TRY IT: Repeat the data that follows exactly, starting at the line with "- AXI 接口:用于 CPU/DMA 访问外部存储器,时钟是 fmc_ker_ck" and ending at the line with "商品相册:臻汇银999足银元", and leave out every picture.

PROVIDED MATERIAL:
--*--

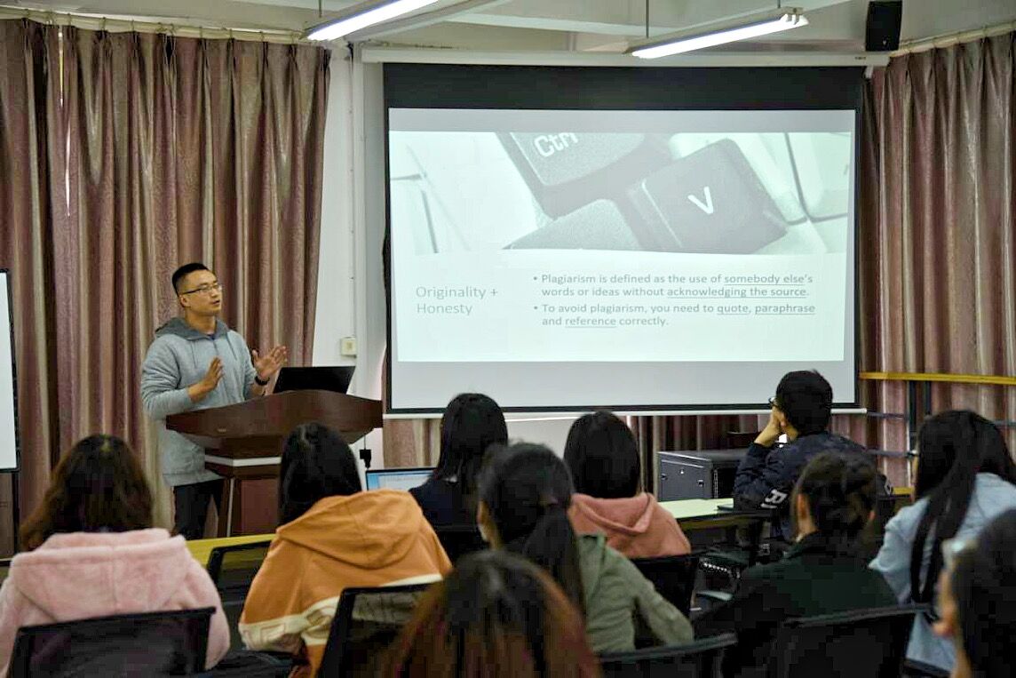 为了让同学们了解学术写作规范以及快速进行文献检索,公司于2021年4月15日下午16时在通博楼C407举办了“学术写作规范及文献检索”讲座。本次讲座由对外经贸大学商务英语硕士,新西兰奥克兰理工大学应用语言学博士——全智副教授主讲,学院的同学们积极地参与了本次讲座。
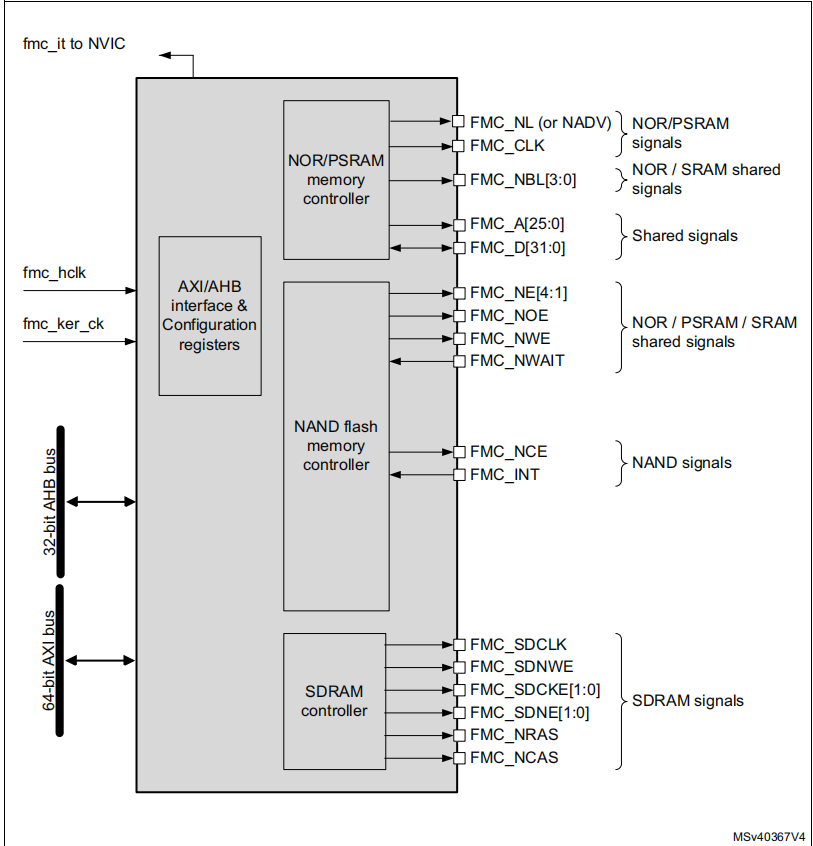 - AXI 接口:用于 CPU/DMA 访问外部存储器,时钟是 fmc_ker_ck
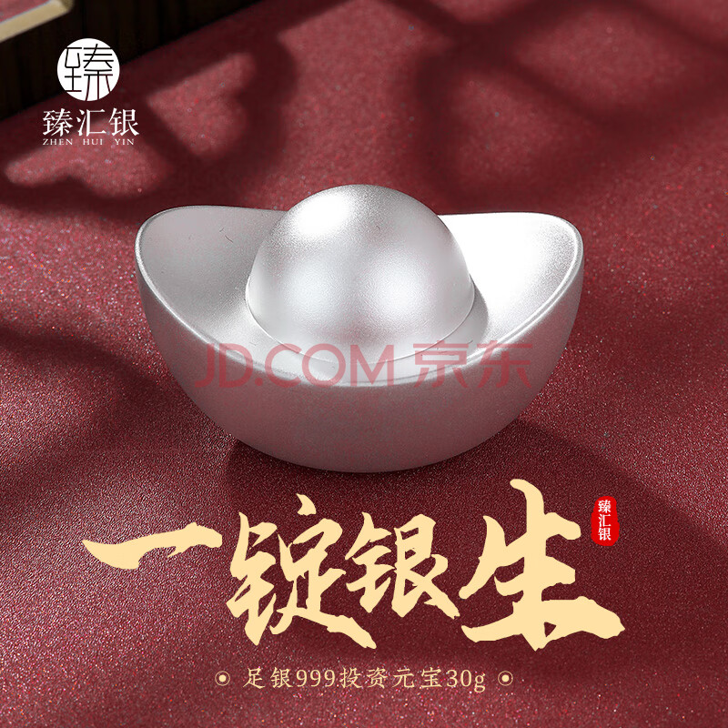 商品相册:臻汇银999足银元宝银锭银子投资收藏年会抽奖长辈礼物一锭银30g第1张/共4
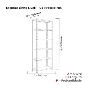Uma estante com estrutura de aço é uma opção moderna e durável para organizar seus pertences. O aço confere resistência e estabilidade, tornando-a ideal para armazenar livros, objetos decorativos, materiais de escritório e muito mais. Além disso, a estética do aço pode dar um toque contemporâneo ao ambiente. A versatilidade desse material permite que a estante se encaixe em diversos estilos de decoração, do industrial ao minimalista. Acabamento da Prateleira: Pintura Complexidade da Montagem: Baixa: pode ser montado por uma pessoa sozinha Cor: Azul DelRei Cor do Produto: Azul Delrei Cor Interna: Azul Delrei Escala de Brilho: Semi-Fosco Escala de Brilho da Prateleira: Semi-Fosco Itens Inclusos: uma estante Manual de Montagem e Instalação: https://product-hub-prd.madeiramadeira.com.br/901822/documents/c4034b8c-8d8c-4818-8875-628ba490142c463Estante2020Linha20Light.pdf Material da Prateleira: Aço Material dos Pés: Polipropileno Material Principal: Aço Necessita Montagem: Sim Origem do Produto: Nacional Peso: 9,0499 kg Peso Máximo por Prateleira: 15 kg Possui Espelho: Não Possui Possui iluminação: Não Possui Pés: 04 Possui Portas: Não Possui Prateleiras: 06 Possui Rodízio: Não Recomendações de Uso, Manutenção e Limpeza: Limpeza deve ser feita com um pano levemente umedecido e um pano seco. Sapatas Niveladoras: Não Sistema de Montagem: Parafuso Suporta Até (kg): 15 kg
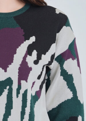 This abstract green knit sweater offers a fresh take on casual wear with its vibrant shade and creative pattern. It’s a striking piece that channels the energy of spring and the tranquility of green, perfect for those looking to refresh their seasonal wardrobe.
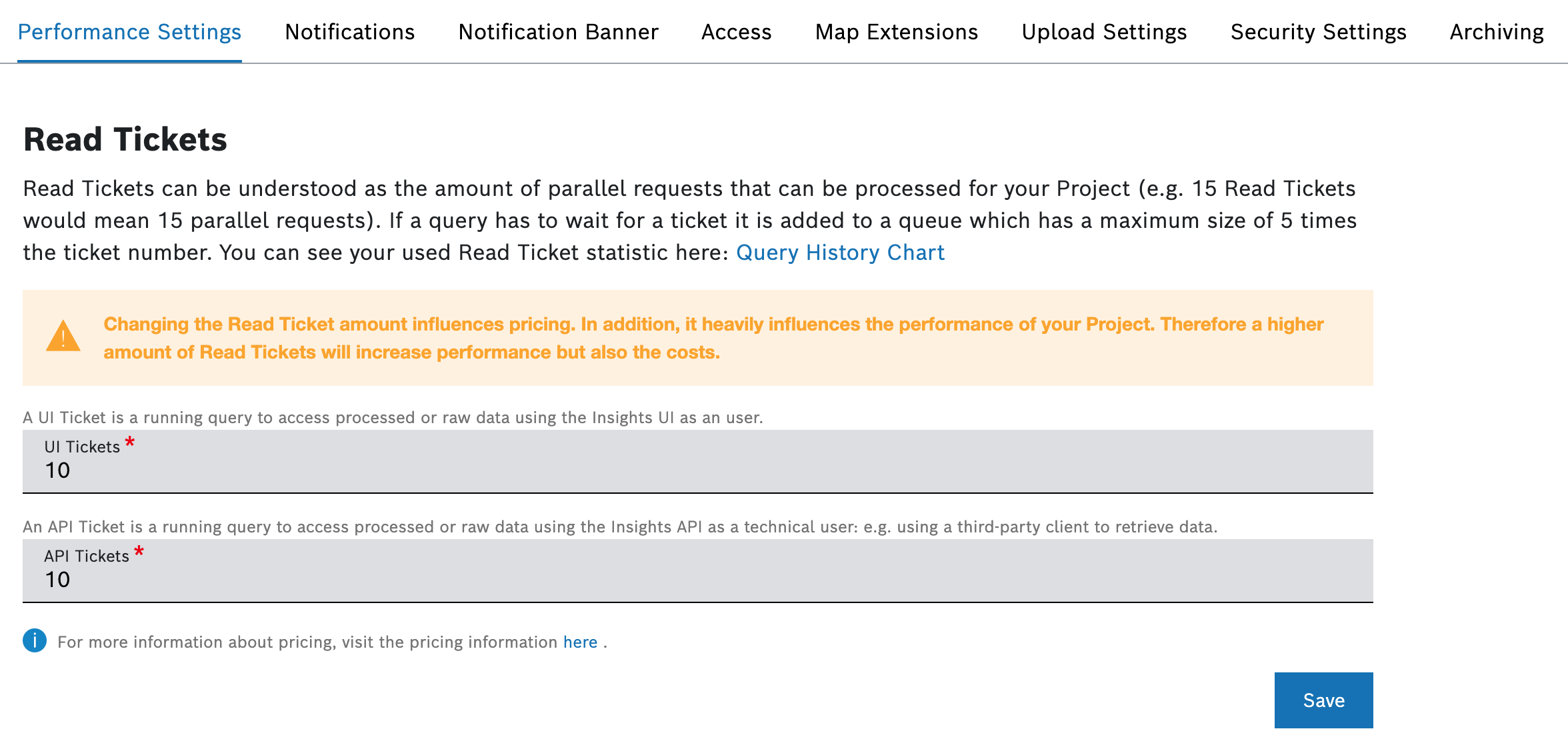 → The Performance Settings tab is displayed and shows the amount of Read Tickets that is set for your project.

--*--

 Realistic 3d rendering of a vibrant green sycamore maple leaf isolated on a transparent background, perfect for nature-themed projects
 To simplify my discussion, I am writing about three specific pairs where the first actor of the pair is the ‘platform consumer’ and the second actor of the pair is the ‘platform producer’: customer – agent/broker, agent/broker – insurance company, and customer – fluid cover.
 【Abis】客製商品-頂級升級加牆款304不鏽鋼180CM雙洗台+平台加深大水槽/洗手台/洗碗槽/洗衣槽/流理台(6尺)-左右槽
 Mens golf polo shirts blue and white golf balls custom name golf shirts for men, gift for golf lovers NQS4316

--*--

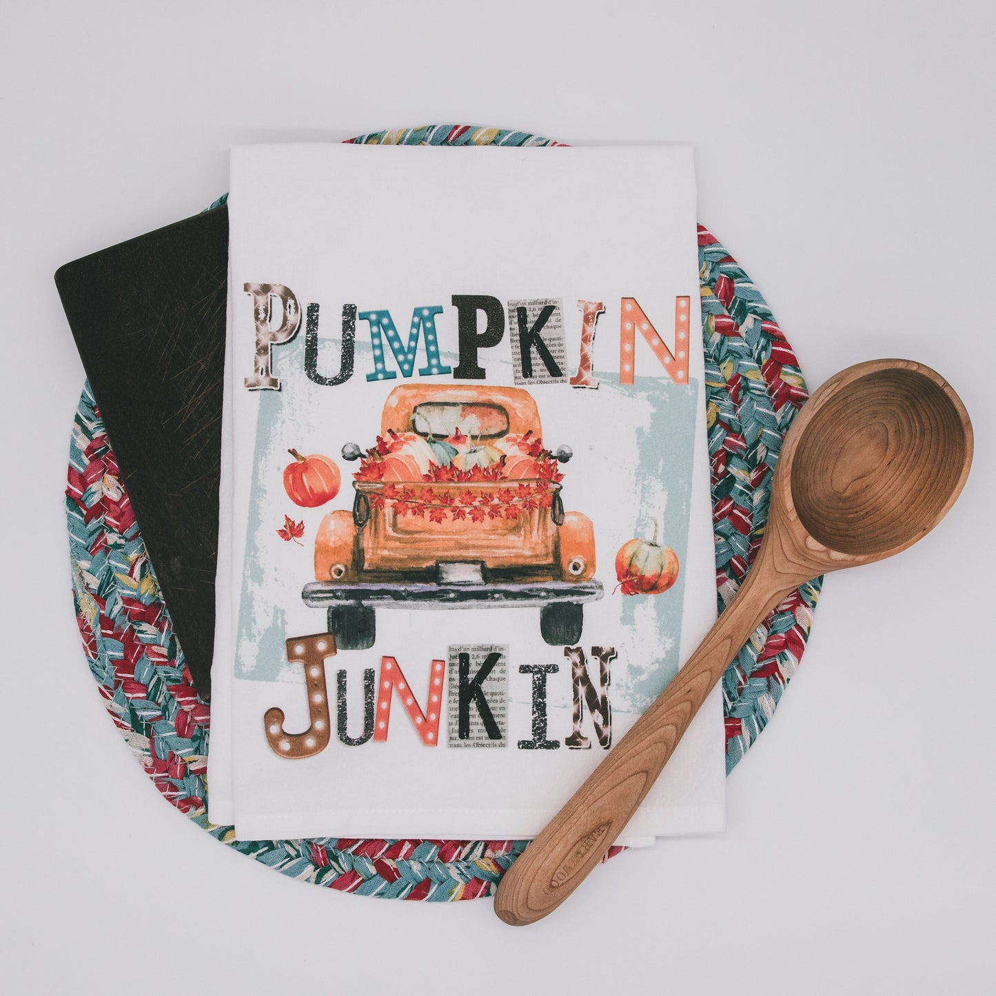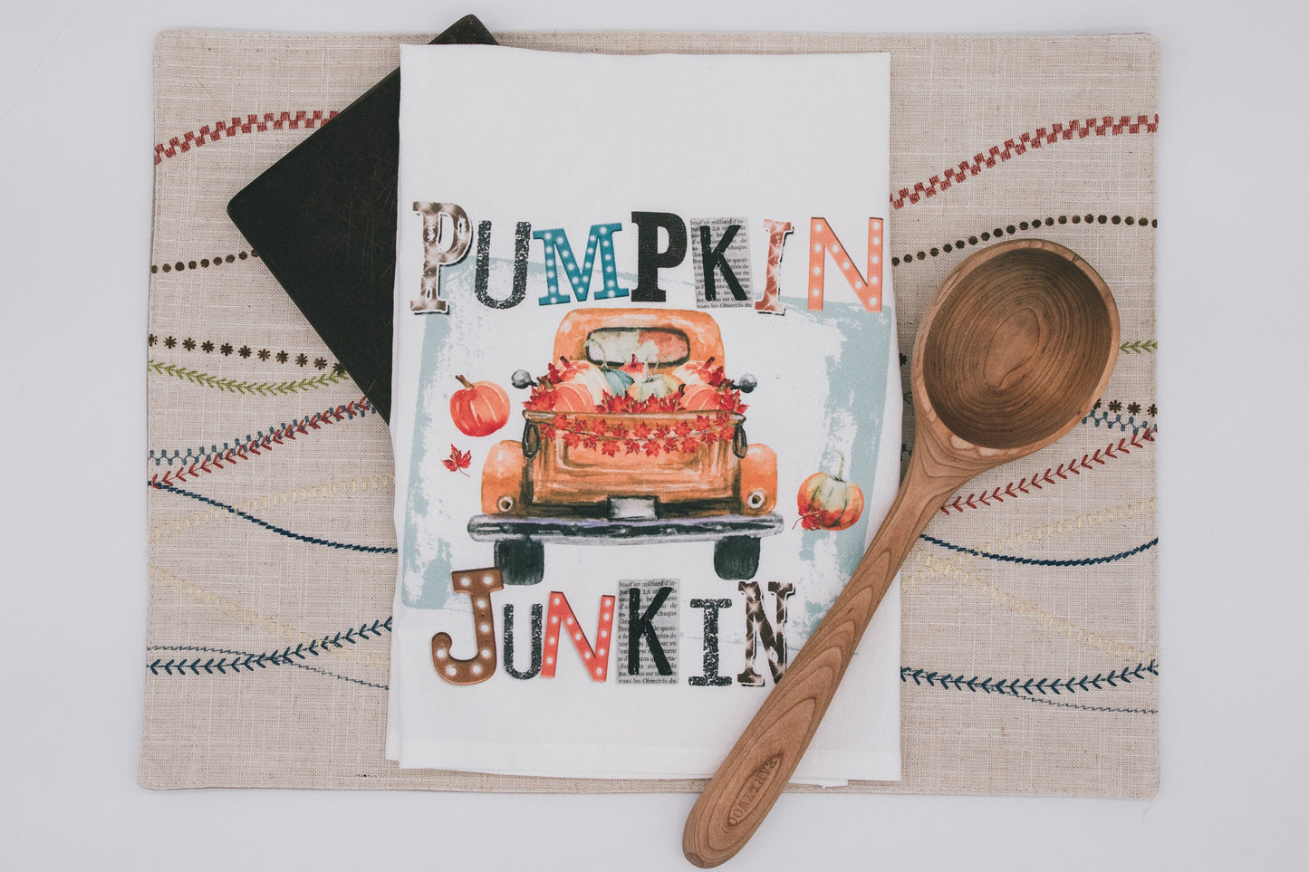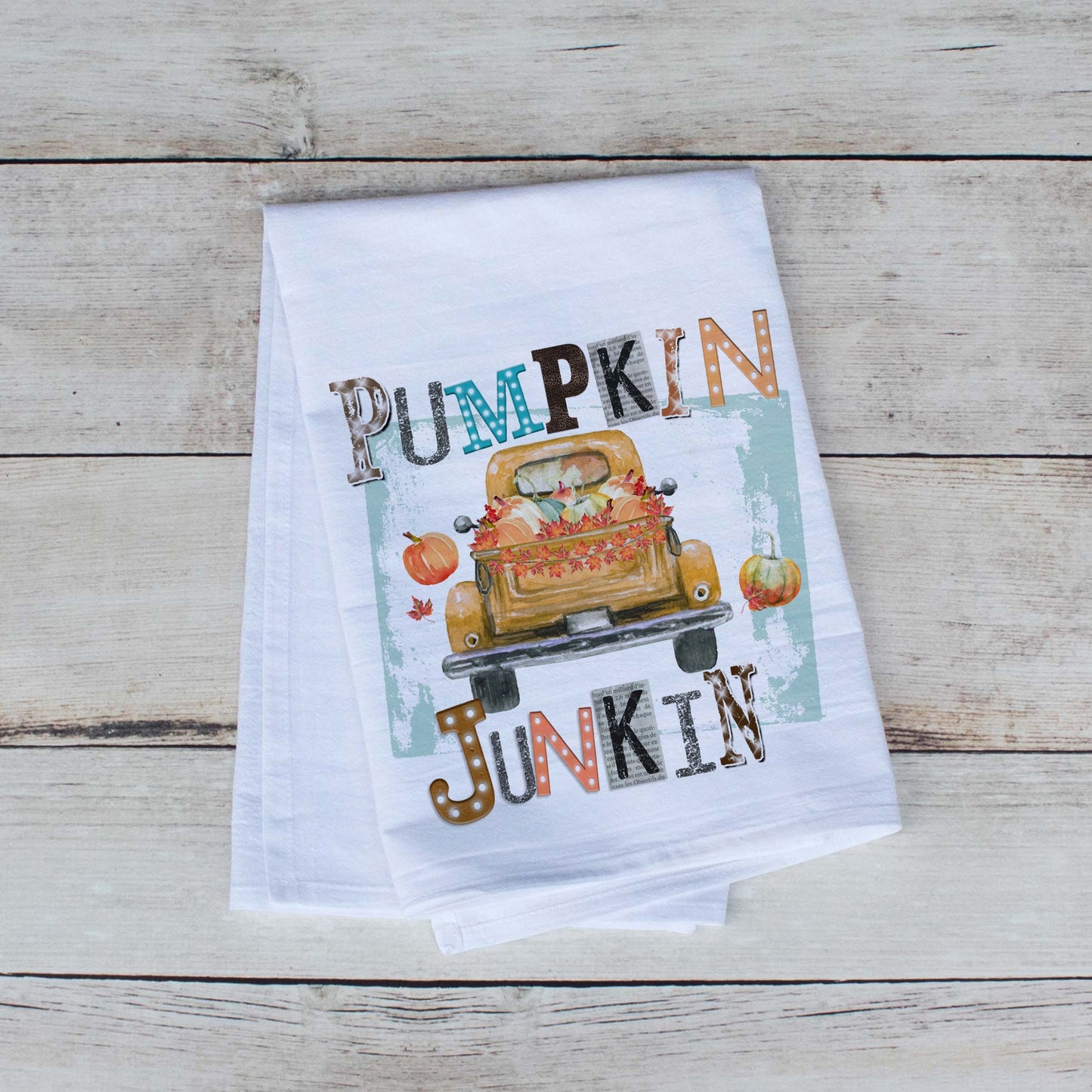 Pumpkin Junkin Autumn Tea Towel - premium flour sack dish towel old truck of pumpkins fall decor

--*--

RESULT:
 - AXI 接口:用于 CPU/DMA 访问外部存储器,时钟是 fmc_ker_ck
 商品相册:臻汇银999足银元宝银锭银子投资收藏年会抽奖长辈礼物一锭银30g第1张/共4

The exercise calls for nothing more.